### Work to be completed:
The required output is an exact restatement of the lines, starting with the one that contains "Sucção poderosa - A" and finishing with the last line of the listing. It contains no pictures.

### Dataset records:

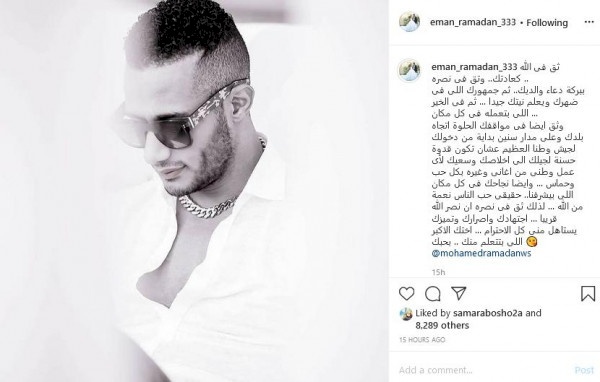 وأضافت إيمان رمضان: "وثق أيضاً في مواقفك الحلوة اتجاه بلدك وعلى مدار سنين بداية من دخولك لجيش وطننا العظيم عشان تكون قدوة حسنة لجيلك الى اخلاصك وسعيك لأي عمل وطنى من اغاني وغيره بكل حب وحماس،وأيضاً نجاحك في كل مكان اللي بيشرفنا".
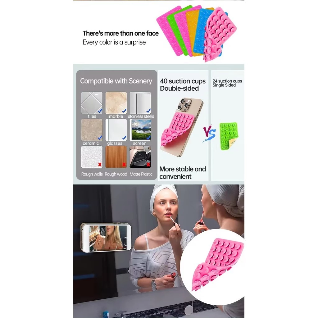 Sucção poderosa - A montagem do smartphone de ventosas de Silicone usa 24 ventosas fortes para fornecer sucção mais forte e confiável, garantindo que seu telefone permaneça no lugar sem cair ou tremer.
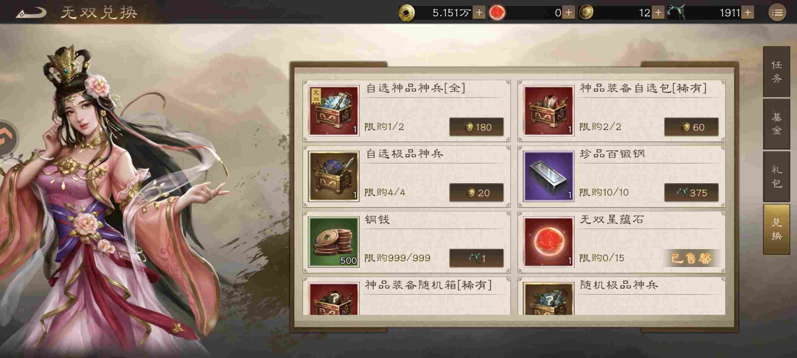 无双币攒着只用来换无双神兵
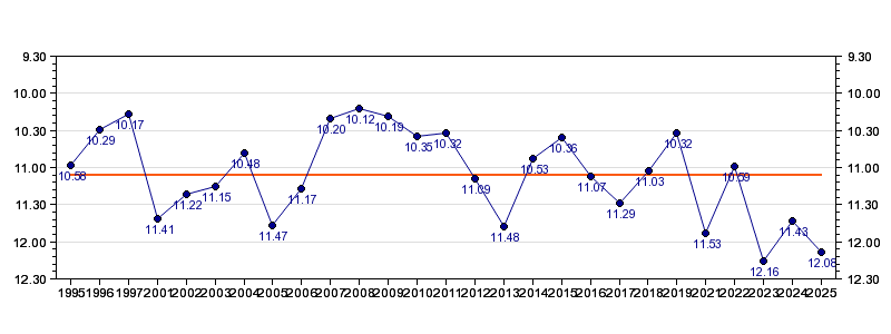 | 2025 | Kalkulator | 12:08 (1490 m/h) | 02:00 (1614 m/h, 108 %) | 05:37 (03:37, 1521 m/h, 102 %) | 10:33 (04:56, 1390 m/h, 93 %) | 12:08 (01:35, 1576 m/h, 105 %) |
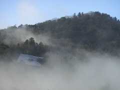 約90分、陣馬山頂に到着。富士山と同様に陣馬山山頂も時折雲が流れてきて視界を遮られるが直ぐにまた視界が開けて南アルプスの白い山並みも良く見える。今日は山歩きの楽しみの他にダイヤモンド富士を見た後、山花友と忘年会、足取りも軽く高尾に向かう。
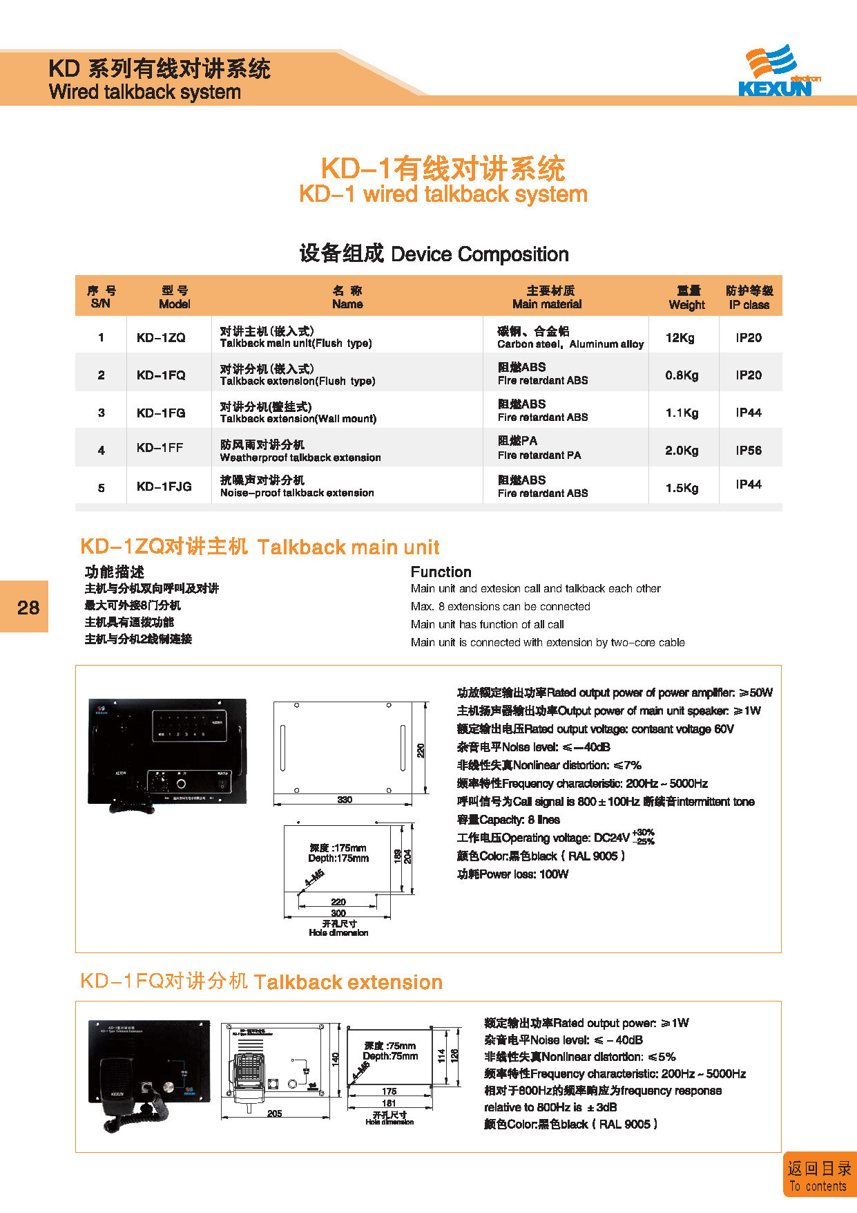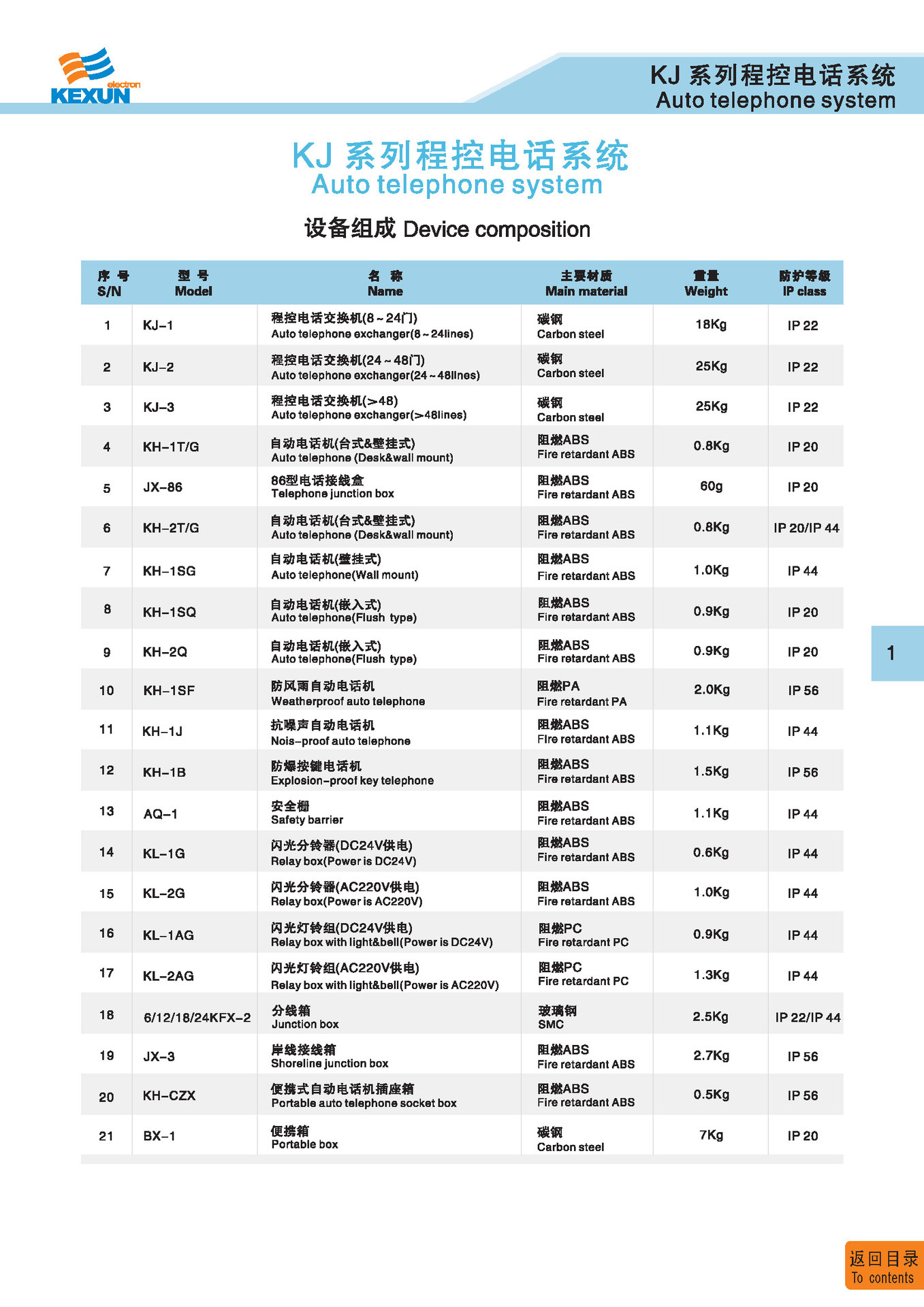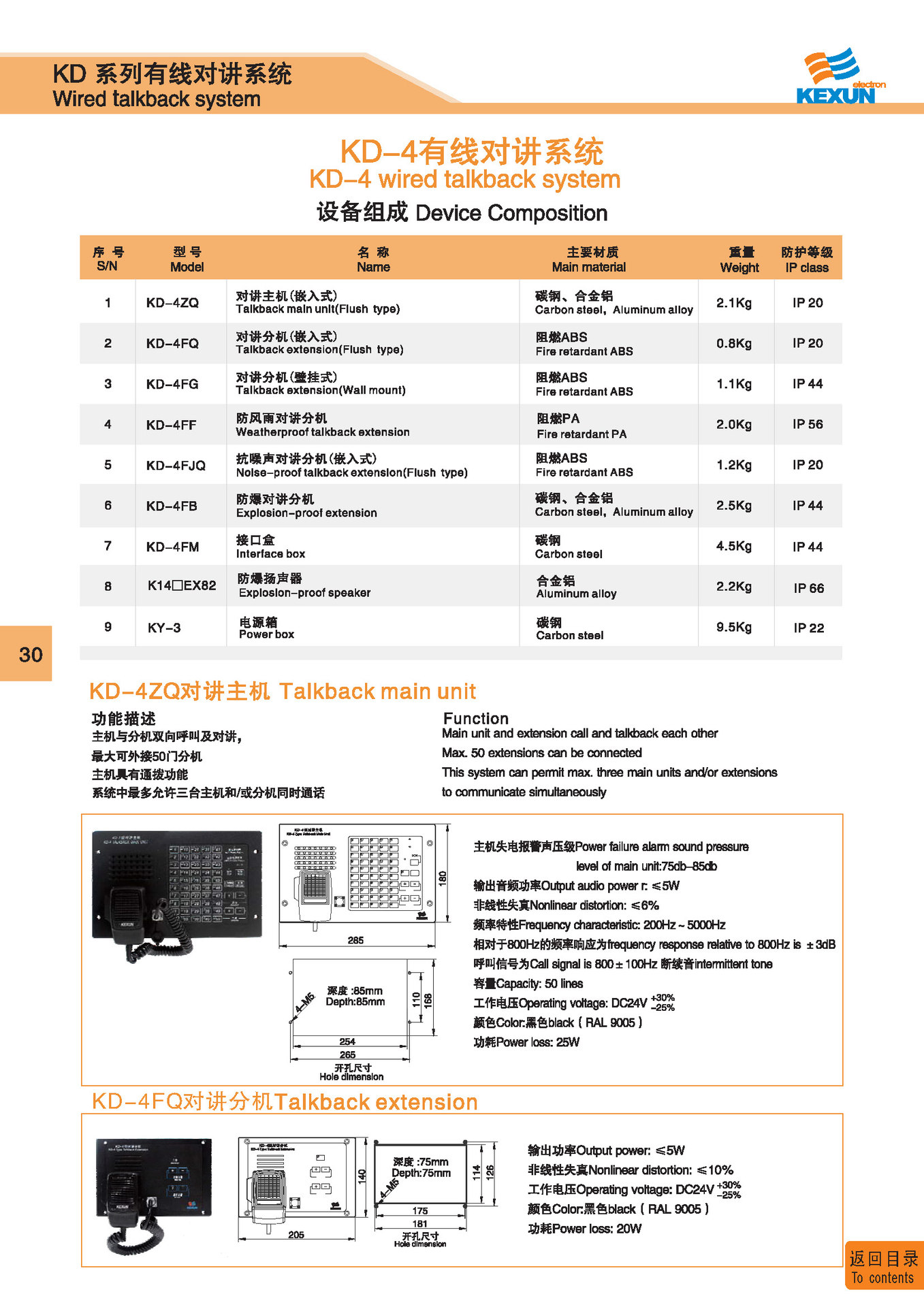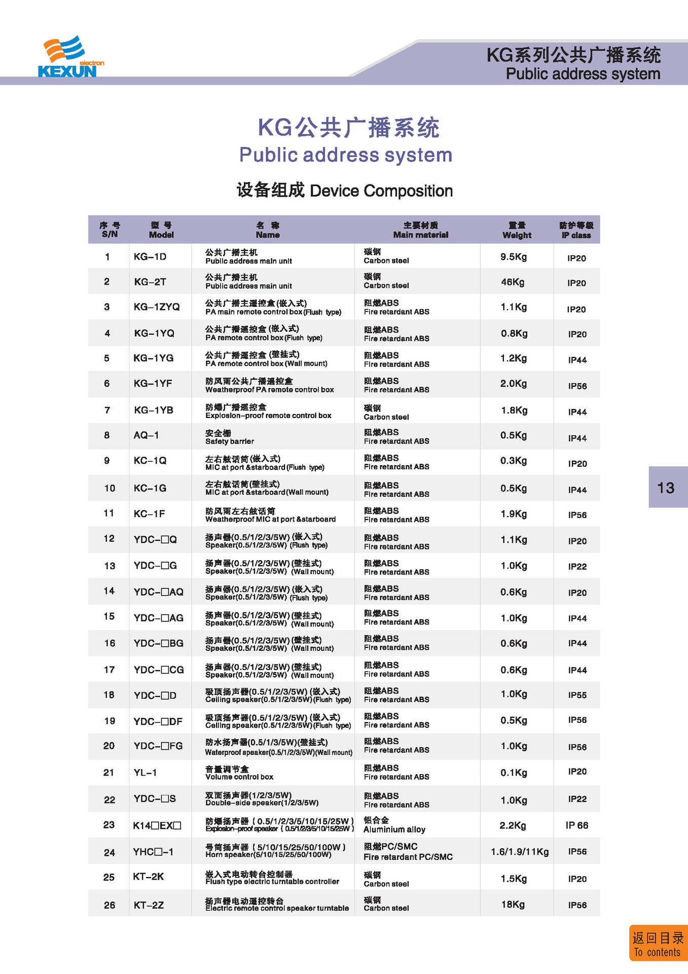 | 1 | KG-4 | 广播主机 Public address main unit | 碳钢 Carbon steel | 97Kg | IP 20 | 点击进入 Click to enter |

### Response below:
 Sucção poderosa - A montagem do smartphone de ventosas de Silicone usa 24 ventosas fortes para fornecer sucção mais forte e confiável, garantindo que seu telefone permaneça no lugar sem cair ou tremer.
 无双币攒着只用来换无双神兵
 | 2025 | Kalkulator | 12:08 (1490 m/h) | 02:00 (1614 m/h, 108 %) | 05:37 (03:37, 1521 m/h, 102 %) | 10:33 (04:56, 1390 m/h, 93 %) | 12:08 (01:35, 1576 m/h, 105 %) |
 約90分、陣馬山頂に到着。富士山と同様に陣馬山山頂も時折雲が流れてきて視界を遮られるが直ぐにまた視界が開けて南アルプスの白い山並みも良く見える。今日は山歩きの楽しみの他にダイヤモンド富士を見た後、山花友と忘年会、足取りも軽く高尾に向かう。
 | 1 | KG-4 | 广播主机 Public address main unit | 碳钢 Carbon steel | 97Kg | IP 20 | 点击进入 Click to enter |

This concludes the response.